> **Dataset entries**
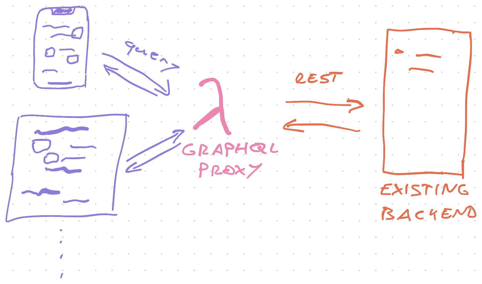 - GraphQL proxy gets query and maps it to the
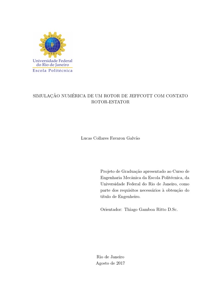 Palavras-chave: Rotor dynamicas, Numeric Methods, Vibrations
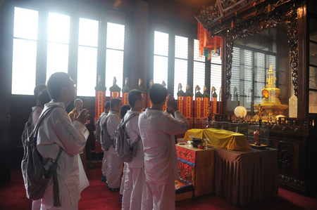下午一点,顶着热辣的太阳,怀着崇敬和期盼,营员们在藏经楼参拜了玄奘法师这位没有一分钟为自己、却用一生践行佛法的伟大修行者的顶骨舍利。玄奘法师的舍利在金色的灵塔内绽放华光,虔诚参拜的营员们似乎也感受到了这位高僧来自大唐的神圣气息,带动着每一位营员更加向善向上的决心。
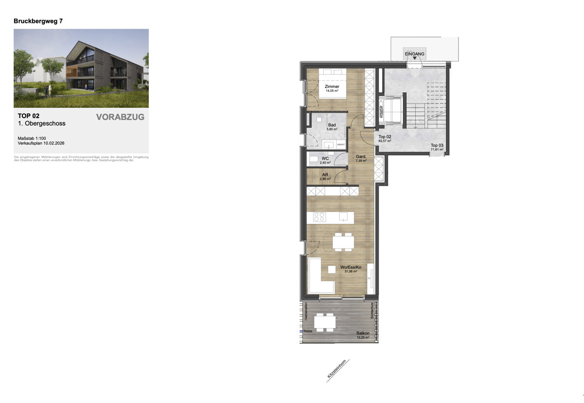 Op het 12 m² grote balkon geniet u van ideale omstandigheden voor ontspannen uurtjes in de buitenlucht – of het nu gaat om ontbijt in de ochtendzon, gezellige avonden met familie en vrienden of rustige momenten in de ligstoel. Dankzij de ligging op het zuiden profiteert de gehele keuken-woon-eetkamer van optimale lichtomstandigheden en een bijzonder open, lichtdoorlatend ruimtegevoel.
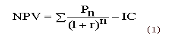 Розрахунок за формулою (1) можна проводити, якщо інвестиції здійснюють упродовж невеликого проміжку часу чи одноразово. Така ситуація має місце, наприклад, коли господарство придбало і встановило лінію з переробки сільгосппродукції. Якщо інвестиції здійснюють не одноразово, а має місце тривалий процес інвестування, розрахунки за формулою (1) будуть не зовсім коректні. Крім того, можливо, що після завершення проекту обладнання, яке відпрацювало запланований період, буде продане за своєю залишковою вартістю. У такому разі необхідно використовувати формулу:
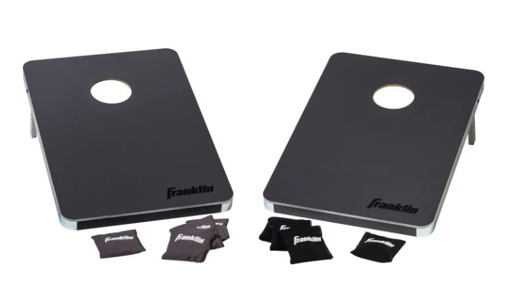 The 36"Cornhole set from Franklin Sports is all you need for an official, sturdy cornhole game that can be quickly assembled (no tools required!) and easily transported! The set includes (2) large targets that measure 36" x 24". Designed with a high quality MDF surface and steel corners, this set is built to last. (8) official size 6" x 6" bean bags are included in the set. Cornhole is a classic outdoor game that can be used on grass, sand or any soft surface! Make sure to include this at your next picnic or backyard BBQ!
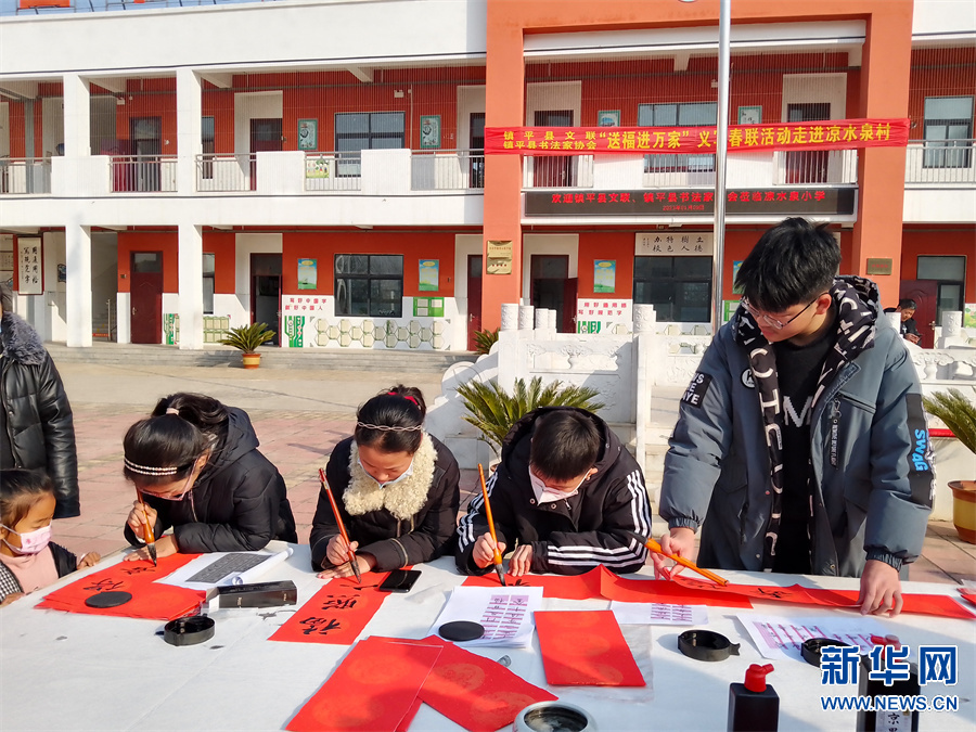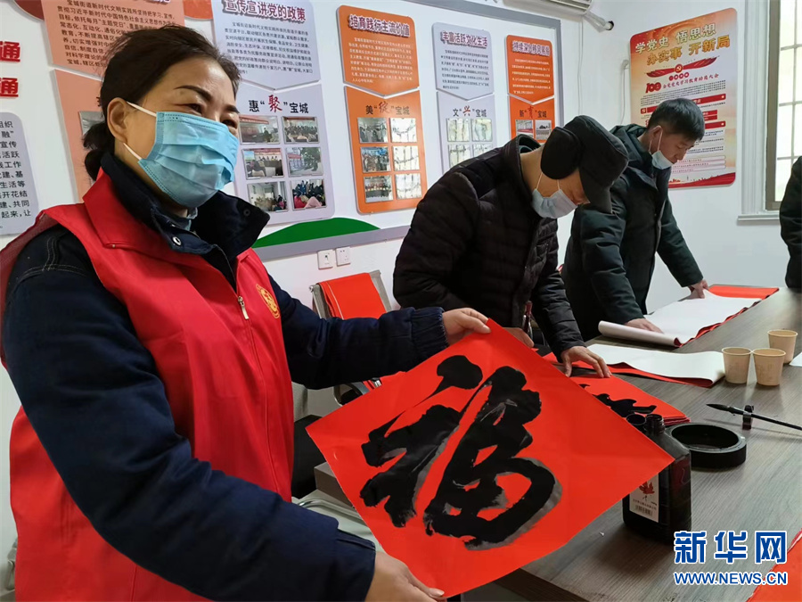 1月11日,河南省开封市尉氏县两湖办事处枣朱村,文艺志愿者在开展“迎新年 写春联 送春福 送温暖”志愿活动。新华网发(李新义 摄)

> **Exercise instructions**
Could you write out exactly the lines of the data above that run from the one holding "下午一点,顶着热辣的太阳,怀" to the one holding "Розрахунок за формулою", with both ends in and all pictures out?

> **Reply to the task**
下午一点,顶着热辣的太阳,怀着崇敬和期盼,营员们在藏经楼参拜了玄奘法师这位没有一分钟为自己、却用一生践行佛法的伟大修行者的顶骨舍利。玄奘法师的舍利在金色的灵塔内绽放华光,虔诚参拜的营员们似乎也感受到了这位高僧来自大唐的神圣气息,带动着每一位营员更加向善向上的决心。
 Op het 12 m² grote balkon geniet u van ideale omstandigheden voor ontspannen uurtjes in de buitenlucht – of het nu gaat om ontbijt in de ochtendzon, gezellige avonden met familie en vrienden of rustige momenten in de ligstoel. Dankzij de ligging op het zuiden profiteert de gehele keuken-woon-eetkamer van optimale lichtomstandigheden en een bijzonder open, lichtdoorlatend ruimtegevoel.
 Розрахунок за формулою (1) можна проводити, якщо інвестиції здійснюють упродовж невеликого проміжку часу чи одноразово. Така ситуація має місце, наприклад, коли господарство придбало і встановило лінію з переробки сільгосппродукції. Якщо інвестиції здійснюють не одноразово, а має місце тривалий процес інвестування, розрахунки за формулою (1) будуть не зовсім коректні. Крім того, можливо, що після завершення проекту обладнання, яке відпрацювало запланований період, буде продане за своєю залишковою вартістю. У такому разі необхідно використовувати формулу:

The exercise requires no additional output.